DESCRIPTION OF SYMBOLS 9 Storage tank 65 Line material 101 Image forming apparatus 106 Process cartridge 108 Photosensitive drum (photosensitive body)
113 Developing devices 115, 115a, 115b Developing roller 120 Interlocking rotating part (interlocking rotating means)
132, 132a, 132b Developing sleeve 133 Magnet roller 135 Magnetic carrier 136 Core material 137 Resin coat film 139 Recess 140 Recess groove 141 First recess groove 142 Second recess groove

Claims (12)

In a developing device comprising: a photosensitive member on which an electrostatic latent image is formed on an outer peripheral surface; and a plurality of developing rollers that are arranged in parallel with the photosensitive member and are spaced apart from each other and sequentially convey the developer.

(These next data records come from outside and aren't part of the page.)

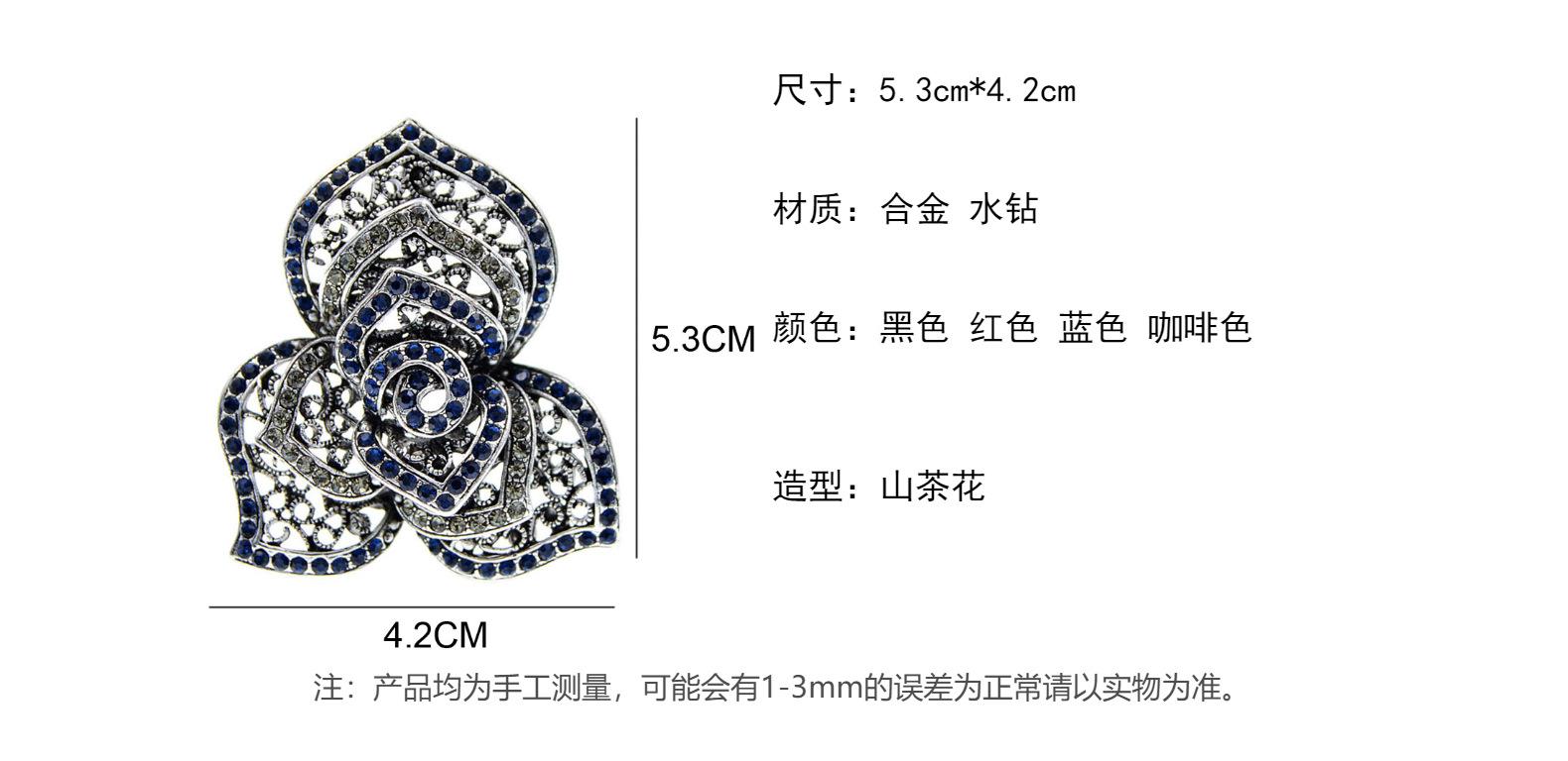 Broche de camelia con diamantes de imitación para mujer, estilo retro, colorido, con flor hueca, estilo europeo y americano
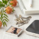 The overall setting feels warm, organized, and stylish — like a lifestyle or product display showcasing a personalized photo keychain.
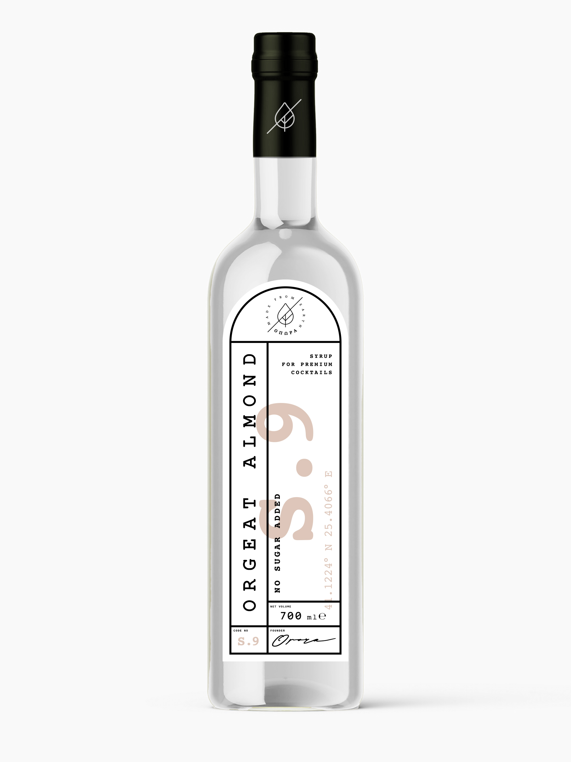 Καινοτόμο σιρόπι orgeat χωρίς ζάχαρη: Παρασκευάζεται χωρίς προσθήκη ζάχαρης, με συμπυκνωμένο χυμό σταφυλιού ως φυσικό γλυκαντικό, προσφέροντας φυσική γλυκύτητα με σύγχρονη, καινοτόμο προσέγγιση.
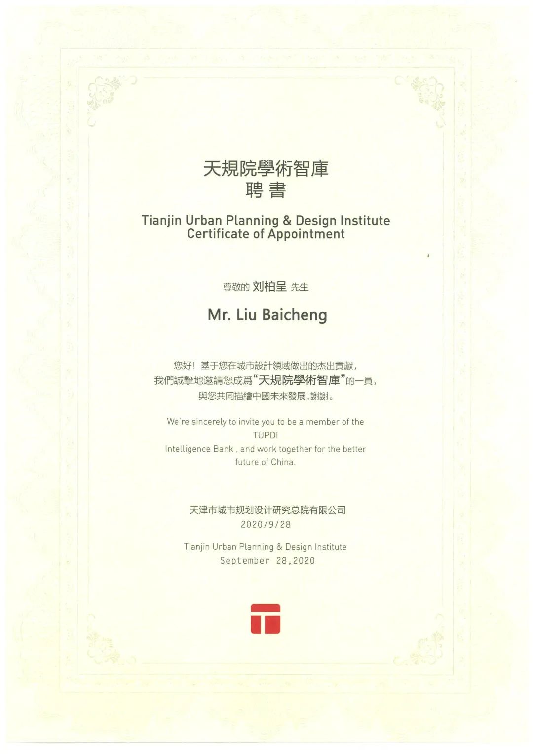 隨后,天津市城市設(shè)計規(guī)劃研究院黨委書記李洪剛為劉柏呈董事長頒發(fā)“天規(guī)院學(xué)術(shù)智庫”聘書,雙方將共同探索深度合作的專家智力支持機(jī)制,劉柏呈董事長也將為描繪天津城市發(fā)展的藍(lán)圖建言獻(xiàn)策,貢獻(xiàn)力量。

Each of the developing rollers includes a magnet roller and a developing sleeve that encloses the magnet roller and adsorbs the developer to the outer surface by the magnetic force of the magnet roller,
A direction parallel to the axis of the developing sleeve or a direction inclined with respect to the axis of the developing sleeve on the outer surface of the developing sleeve of the developing roller located at the most upstream of the developer conveying direction among the plurality of developing rollers A plurality of elliptical dents on the outer surface of the developing sleeve of the developing roller located at the most downstream side in the developer transport direction among the plurality of developing rollers. Is provided at random.   A plurality of first concave grooves intersecting and parallel to the axial center of the developing sleeve of the developing roller located at the most upstream in the developer conveying direction, and the axial core and the first concave groove The developing device according to claim 1, further comprising: a plurality of second concave grooves intersecting both of the first and second grooves and parallel to each other. The plurality of elliptical recesses include a recess whose longitudinal direction is along the axial direction of the developing sleeve, and a recess whose longitudinal direction is along the circumferential direction of the developing sleeve,
3. The developing device according to claim 1, wherein the number of dents along the axial direction of the developing sleeve is greater than the number of dents along the circumferential direction of the developing sleeve.   4. The device according to claim 1, wherein the plurality of oval-shaped dents are formed by a short line-shaped wire material that randomly collides with an outer surface of the developing sleeve. 5. The developing device according to 1.   The developing device according to claim 4, wherein the linear member is positioned in a rotating magnetic field and collides with an outer surface of the developing sleeve by the rotating magnetic field.   The developing device according to claim 5, wherein the developing sleeve is accommodated in the accommodating tank together with the filament material, and a magnetic field generator generates the rotating magnetic field in the accommodating tank.   The developing device according to claim 6, wherein the linear member is collided while the developing sleeve accommodated in the accommodating tank is rotated about its axis.   The developing device according to claim 1, further comprising an interlocking rotating unit that rotates the developing sleeves of the plurality of developing rollers at the same rotational speed.   9. The developer according to claim 1, wherein the developer includes a toner and a magnetic carrier, and an average particle diameter of the magnetic carrier is 20 μm or more and 50 μm or less. The developing device according to item. The magnetic carrier includes a core material made of a magnetic material, and a resin coat film covering the core material,
The developing device according to claim 9, wherein the resin coat film contains a resin component obtained by crosslinking a thermoplastic resin and a melanin resin, and a charge adjusting agent.   A process cartridge having at least a developing device, wherein the developing device includes the developing device according to any one of claims 1 to 10.   An image forming apparatus having at least a charging device and a developing device, wherein the developing device includes the developing device according to any one of claims 1 to 10.